Впрочем, перебор: этих каждых шесть с лихуем миллиардов, и чтоб каждый по-своему… Но что одни готовятся так, а другие эдак, сомнений нет.
Некоторые – очень даже многие – вообще не готовятся. В голову не приходит. Жрут, срут, ебутся, дрочат, рожают, бьют в бубен, бьют баклуши, пашут как Карлы, пиздят, пиздят (в обоих смыслах), болеют, лечатся, напиваются, укуриваются, мучаются, радуются… И нет этому конца и края. Так они думают. Вернее, как раз не думают. Хули думать-то? Просто кажется: нет конца и края.
А конец и край (что в данном случае одно и то же) есть.
И, пожалуй, так готовиться, то есть не готовиться вовсе, – лучше всего. Уж точно – легче всего.

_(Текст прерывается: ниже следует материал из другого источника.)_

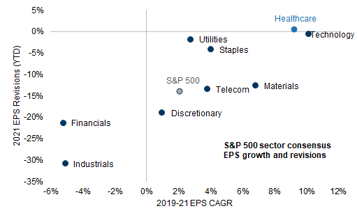 As a sector, a "cyclical recovery" is likely. According to Goldman Sachs "US hospitals will likely end 2020 with inpatient surgeries down about 12% and outpatient surgeries down more than 15%, with the elderly making up the lion’s share of these missing procedures. Our new category-by-category analysis of this potential backlog of risk averse patients suggests a major -- and potentially still under-appreciated -- tailwind to Medtech growth after vaccinations, starting in 2H21 and lasting for two or more years. Specifically, we believe this backlog should be incremental to what would otherwise already be largely normalized procedure volumes by 2022". Additionally, for Diagnostics and Life Science Tools providers, earnings will likely reaccelerate as labs reopen and budgets expand.
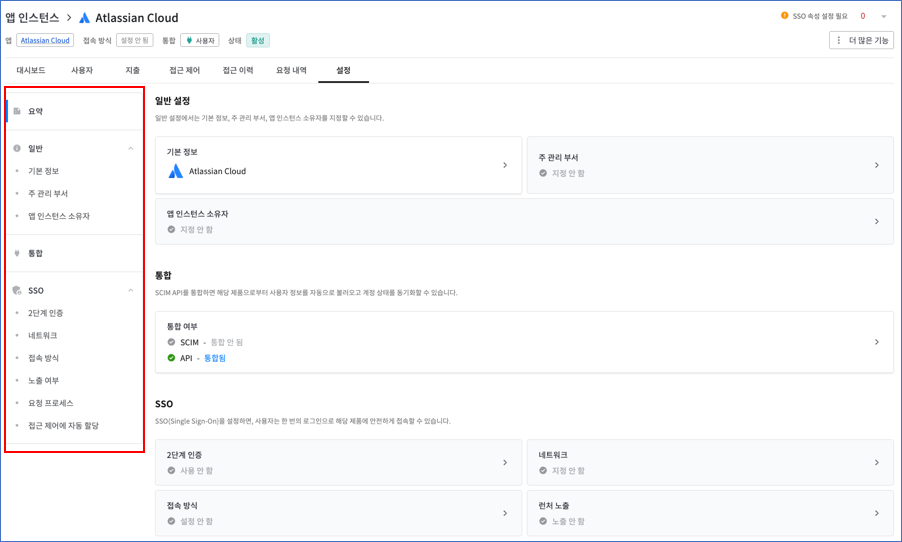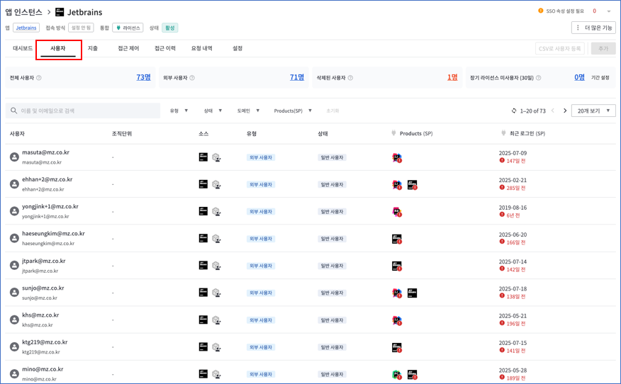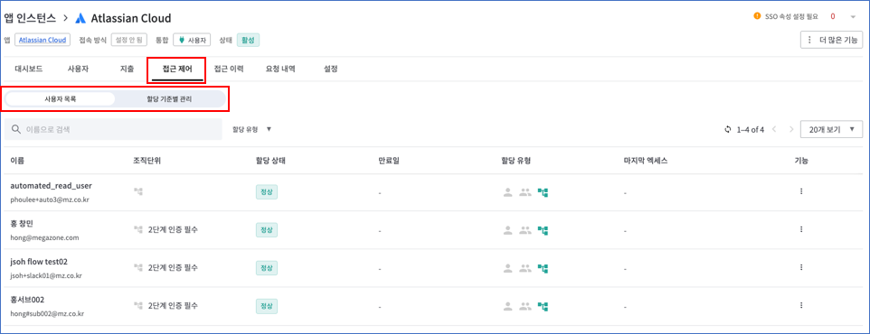 - “접근제어” 탭에 “사용자 목록”에는 SaaSOps SSO를 통하여 앱을 접근할 수 있는 사용자 목록을 보여줍니다. 이 페이지에서 SSO 통한 접근 권한을 부여하거나 회수할 수 있습니다.
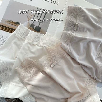 春夏轻薄100支莫代尔女士内裤蕾丝边中腰包臀三角裤柔软透气短裤
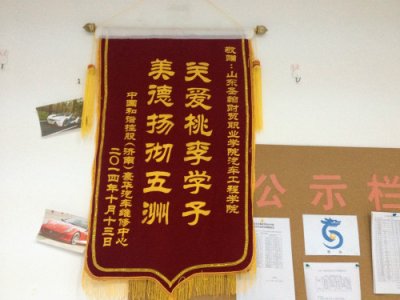 济南和谐豪华汽车维修中心赠予我校汽车工程学院锦旗
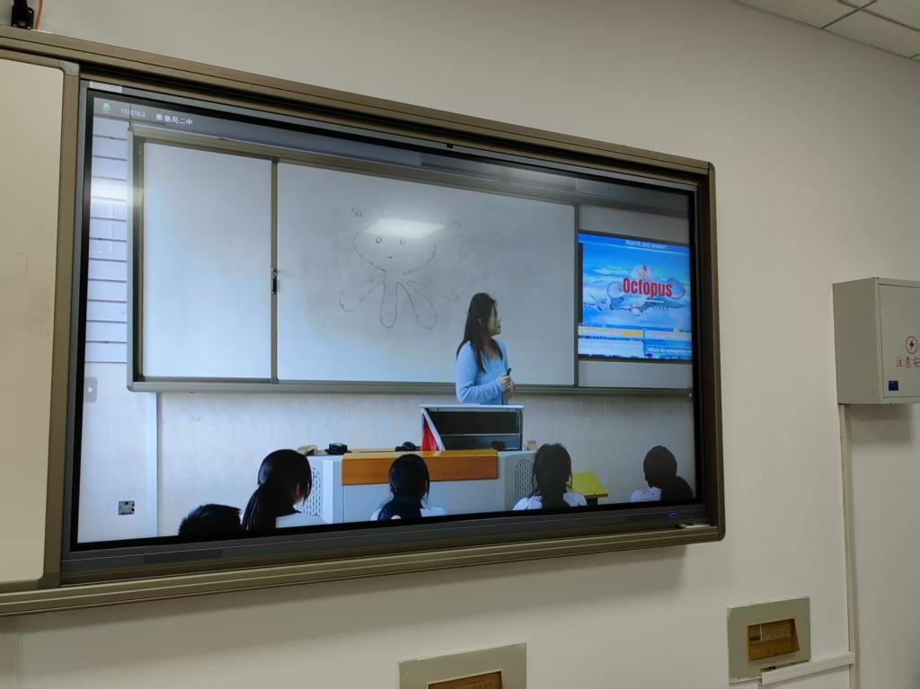 目前在秦皇岛市第二中学实习的太阳成集团tyc33455ccwww的学科教学(英语)研究生李学美讲授的内容是Unit 1 Animal Friends—The Amazing Octopus阅读课。李老师以章鱼视频为导入,鲜活地为学生们展示了章鱼的外貌特征、生活习性等特点。李老师以活动为导向,逐步对语篇进行深入地分析、挖掘语篇主题意义,让学生们在学习文本的同时对海洋世界的多样性和重要性有了进一步的了解,唤醒了学生们保护海洋环境的意识。
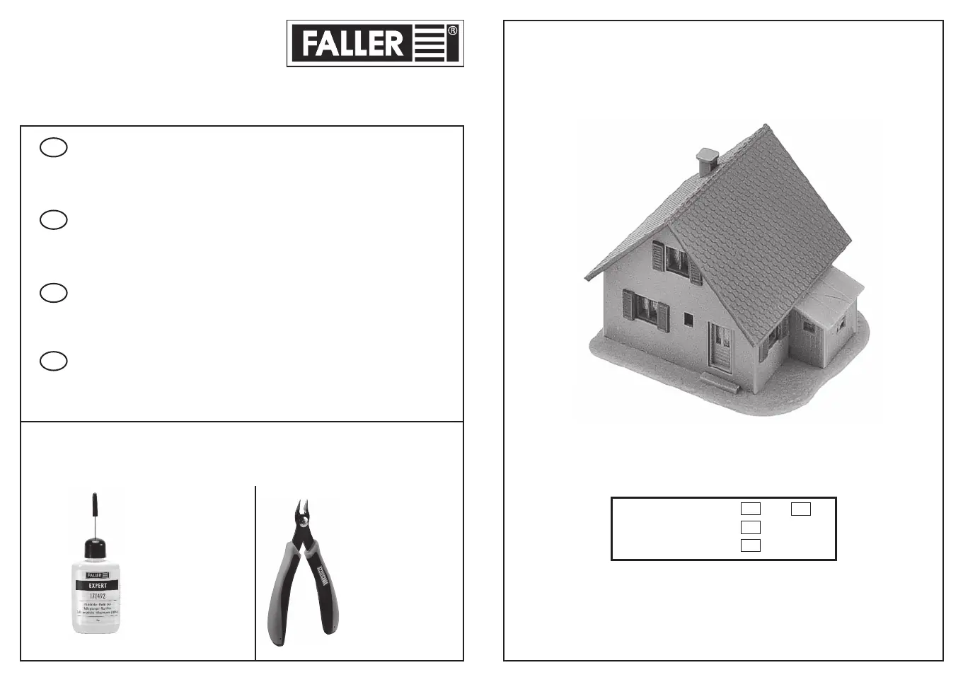 Pour l’assemblage du modèle, nous vous recommandons les articles FALLER suivants (non inclus dans le kit):
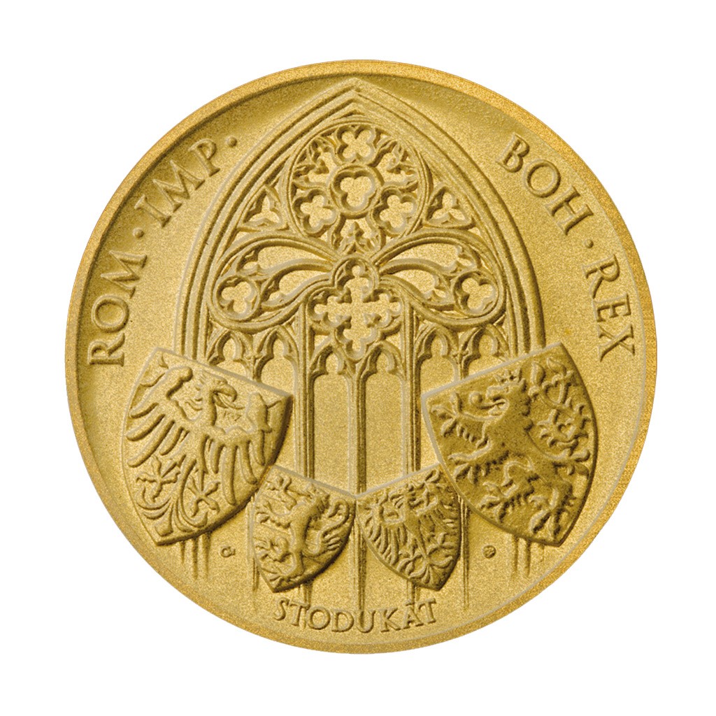 Zlatý 100dukát Karla IV stand
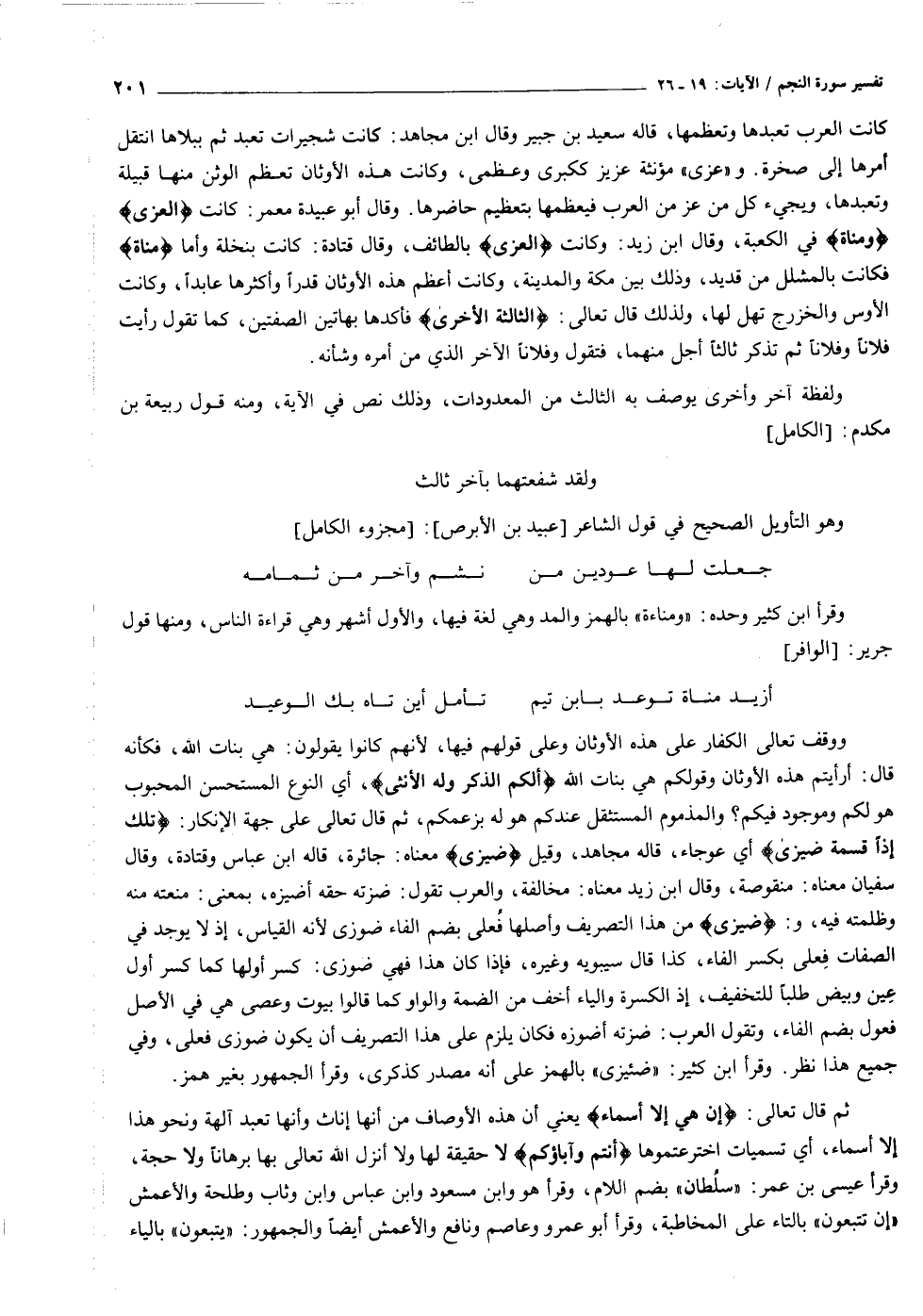 كانت العرب تعبدها وتعظمها، قاله سعيد بن جبير وقال ابن مجاهد: كانت شجيرات تعبد ثم ببلاها انتقل أمرها إلى صخرة. و «عزى» مؤنثة عزيز ككبرى وعظمى، وكانت هذه الأوثان تعظم الوثن منها قبيلة وتعبدها، ويجيء كل من عز من العرب فيعظمها بتعظيم حاضرها. وقال أبو عبيدة معمر: كانت الْعُزَّى وَمَناةَ في الكعبة، وقال ابن زيد: وكانت الْعُزَّى بالطائف، وقال قتادة: كانت بنخلة وأما مَناةَ فكانت بالمشلل من قديد، وذلك بين مكة والمدينة، وكانت أعظم هذه الأوثان قدرا وأكثرها عابدا، وكانت الأوس والخزرج تهل لها، ولذلك قال تعالى: الثَّالِثَةَ الْأُخْرى فأكدها بهاتين الصفتين، كما تقول رأيت فلانا وفلانا ثم تذكر ثالثا أجل منهما، فتقول وفلانا الآخر الذي من أمره وشأنه.
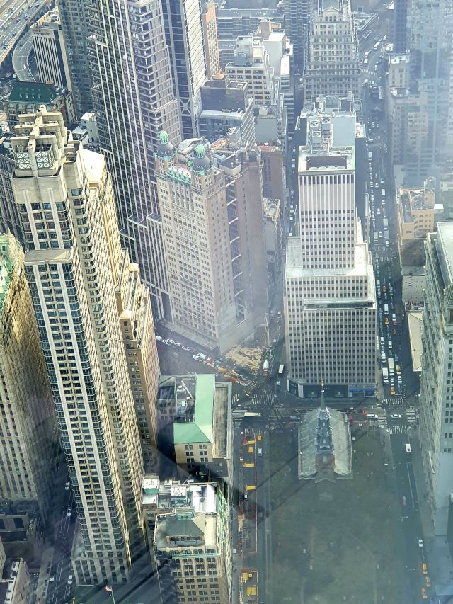 Mirant aquesta fotografia fixeu-vos en el petit edifici que es veu a baix de tot. És la capella de Saint Paul, l’església més antiga de Nova York, on George Washington va fer el seu discurs com a primer president dels Estats Units al 1789. Tot i la destrucció que hi va haver en aquesta zona el dia dels atemptats va quedar en perfecte estat, només coberta de pols.

Другие – их тоже немало – о неизбежном задумываются. Когда эта мысль приходит – кончается детство, начинается… хуй знает, юность, наверное.
Первое осознание… трудно подобрать глагол. Ранит? Да, но не только. Опаляет душу? Фу, хуета какая…
Наверное, самое правильное слово – обида. Почти нестерпимая обида.
Ты перестаёшь ржать с друзьями над монологом Пьера Безухова – «Кого? Меня? Мою бессмертную душу?». Друзья думают, что ты как минимум заболел. А как максимум, что ты считаешь их уёбками (что неправда) и заслуживаешь дружеских пиздюлей.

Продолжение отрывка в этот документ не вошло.